EU treaty agreed... but without UK
26-member treaty to be signed by March
European leaders yesterday struck a deal that promises to save the euro through greater financial integration among all European states bar the UK, one of Malta’s strongest allies on financial services.
The UK effectively used its veto to block an attempt, led by France and Germany, to get all 27 EU states to support changes to the treaties after it failed to get guarantees for the City of London and its massive financial services industry.
Initially, it looked like the agreement might only have 23 countries.

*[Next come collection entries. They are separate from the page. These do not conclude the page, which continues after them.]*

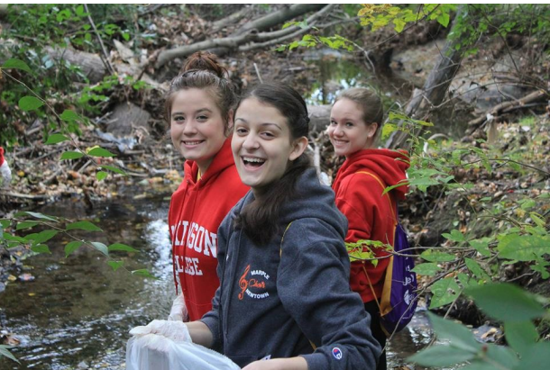
International Coastal Cleanup 2013

Fall Clean-Up at The Hickman. On Saturday, November 9<sup>th</sup>
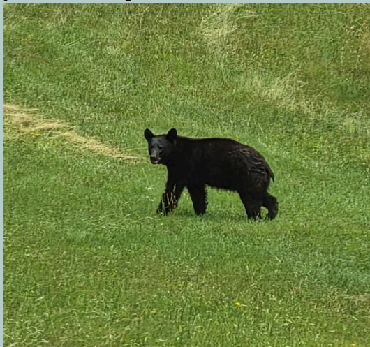
American black bear
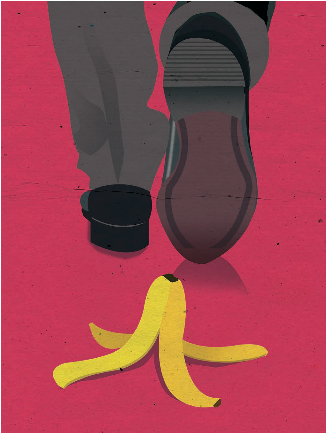
illustration by swapnil reedkar
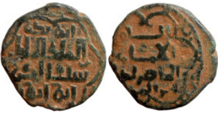
686 Islamic. Uncertain. CU. 19mm 2,96g
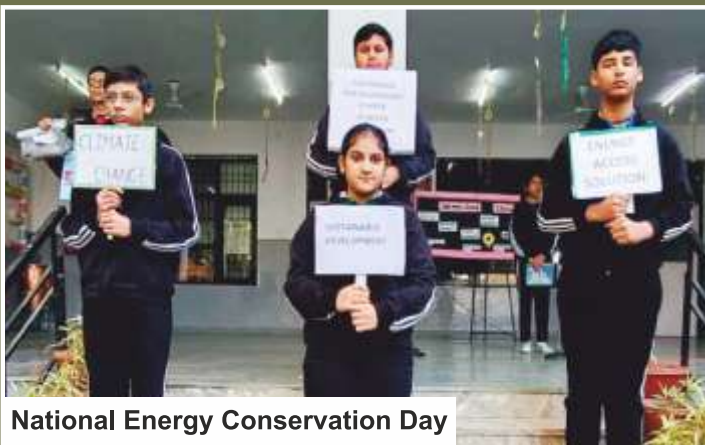
National Energy Conservation Day

Future generations would find it difficult to accept that a saint once lived, who achieved his country's liberation via only non-violent means. Paying homage to the great Indian soul Mahatma Gandhi, students of Grade V conducted a special assembly. They presented an act that was a perfect blend of theatre and music, highlighting his contribution to India's liberation.
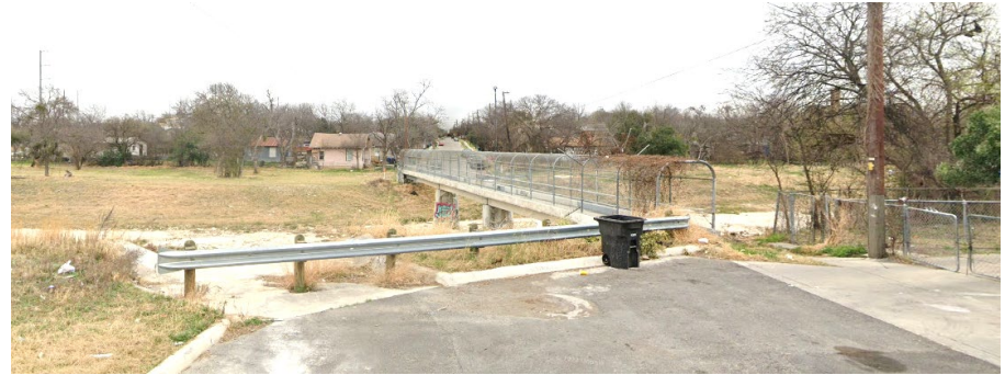
Existing Arbor Pl. Pedestrian Bridge

However, Hungary, Sweden and the Czech Republic, which also wavered, eventually said they would take the agreement to their parliaments, leaving the UK on its own.
In spite of Malta losing a major ally in the battle to safeguard financial services – on which both countries depend significantly – the Maltese government’s lobbying still paid off because the introduction of a financial transaction tax and a common corporate tax base were dropped from the final communiqué agreed upon.
“This is a successful summit for Malta because we have managed, albeit with difficulty, to safeguard our national interest,” an exhausted but satisfied Lawrence Gonzi said yesterday afternoon after marathon talks that ran through the night, save for a short break between 5.30 and 8 a.m.
According to the summit’s conclusions, the 17 member states of the eurozone and nine out of the 10 remaining member states plan to sign a new intergovernmental treaty by March to strengthen fiscal union particularly in the euro area.
The new rules will have significant impact on Malta.
The island will have to adhere to stricter deficit and debt rules. The country will have to slash its deficit by at least 0.5 per cent of GDP a year in order to reach a balanced or surplus Budget. Failure to do so will incur automatic sanctions, defined by the Commission and the Council, should the country go beyond the threshold of three per cent of the GDP. The government is aiming to end the year with a deficit of 2.8 per cent.
The new rules will effectively mean that eurozone members will not have much room for manoeuvre when deciding their annual budgets because they have to stick to spending what they actually rake in.
Malta, as a signatory to the new treaty, will also have to submit a draft Budget to the EU for approval before presenting it to Parliament.
Another innovation will be a constitutional amendment with the agreement of the opposition to commit the country towards balanced budgets.
This “golden rule” – already adopted by some member states including Germany – will contain an automatic correction mechanism that will be triggered in the event of a deviation.
This will be defined on the basis of principles proposed by the Commission. Moreover, the European Court of Justice will have jurisdiction to verify the transposition of this rule at national level.
Dr Gonzi said that, although Malta was already moving towards a balanced Budget, with the only deviation happening in 2008 when the country was hit by a global economic recession, it agreed with a constitutional amendment to make sure that future Maltese governments followed this rule.
“We have to make sure that what happened to Greece will not happen again and all these measures point towards that direction.”
Asked whether the constitutional amendment would be treated with urgency, Dr Gonzi said he hoped that the opposition would also be on board so the change could be passed through Parliament in the shortest possible time.
In a statement last night, Labour leader Joseph Muscat said he realised the need to have legal mechanisms that ensured fiscal discipline. However, such mechanisms had to give the government enough elbow room to manoeuvre in exceptional circumstances, such as in a recession.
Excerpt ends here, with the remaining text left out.